7. Acceleration with FlashAttention-2
- procedure::
- Install FlashAttention-2:
pip install -U flash-attn --no-build-isolation
- Enabled when loading a model:
model = Qwen2_5OmniModel.from_pretrained("Qwen/Qwen2.5-Omni-7B", device_map="auto", attn_implementation="flash_attention_2")
- Install FlashAttention-2:
- in the end: Faster generation and lower video memory usage.
caveat
- hardware requirement: GPUs are recommended, with at least 16GB of video memory.
- network requirement: The network needs to be stabilized when downloading models and dependencies.

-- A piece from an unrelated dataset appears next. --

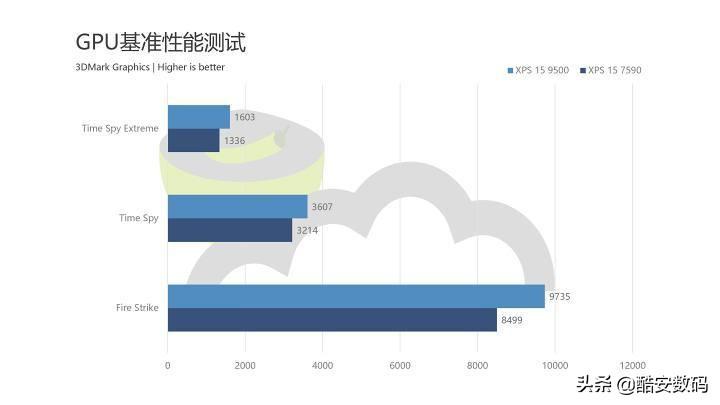 正常来说 GTX 1650 Ti 相比于 GTX 1650 提升幅度在 7%,但由于 XPS 15 7590 上的 GTX 1650 成绩明显低于平均值,所以这一代的图形性能提升有 15%,还算不错。

- Debugging Support: See GitHub for more information on this.
README.md
or community discussion.
application scenario
- Real-time voice assistant
Users ask questions by voice and the model generates voice answers in real time, suitable for customer service or personal assistants. - Video Content Analysis
Input the video and the model extracts key information to help users organize the footage or generate reports. - Educational support
Students upload course audio or video, and models answer questions or extract key points to enhance learning.
QA
- What languages are supported?
It mainly supports Chinese and English, and provides Chelsie, Ethan and other tones for speech synthesis. - How much storage space is required?
The Qwen2.5-Omni-7B model is approximately 14GB and it is recommended to reserve more than 20GB. - Is it commercially available?
Yes, based on the Apache 2.0 license, free for commercial use subject to terms.